▸ Information provided
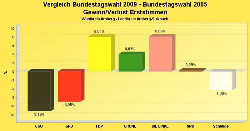 | Partei | Erststimmen 2009 | Prozent 2009 | Erststimmen 2005 | Prozent 2005 | |
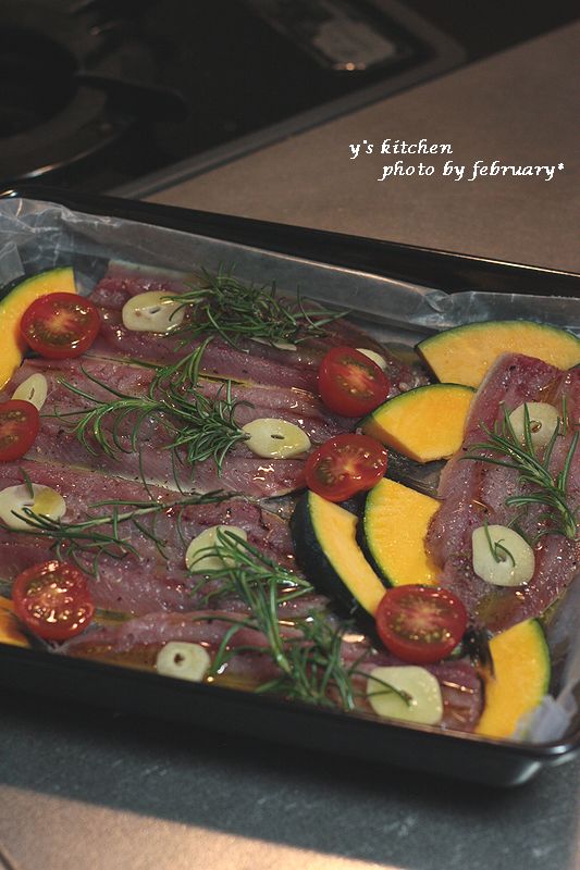 オリーブオイルを回しかけオーブンで焼く。
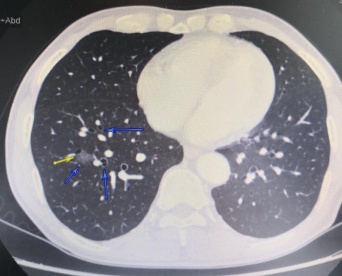 上图(图6),蓝色箭头指示的是右下肺磨玻璃结节。黄色箭头指示的是右下肺磨玻璃结节内部的扩张小支气管。这张CT位于上两张CT的足侧1mm。

▸ Aim of the exercise
Wherever a picture appears in the data, please drop it and retype the rest exactly.

▸ Solved problem
 | Partei | Erststimmen 2009 | Prozent 2009 | Erststimmen 2005 | Prozent 2005 | |
 オリーブオイルを回しかけオーブンで焼く。
 上图(图6),蓝色箭头指示的是右下肺磨玻璃结节。黄色箭头指示的是右下肺磨玻璃结节内部的扩张小支气管。这张CT位于上两张CT的足侧1mm。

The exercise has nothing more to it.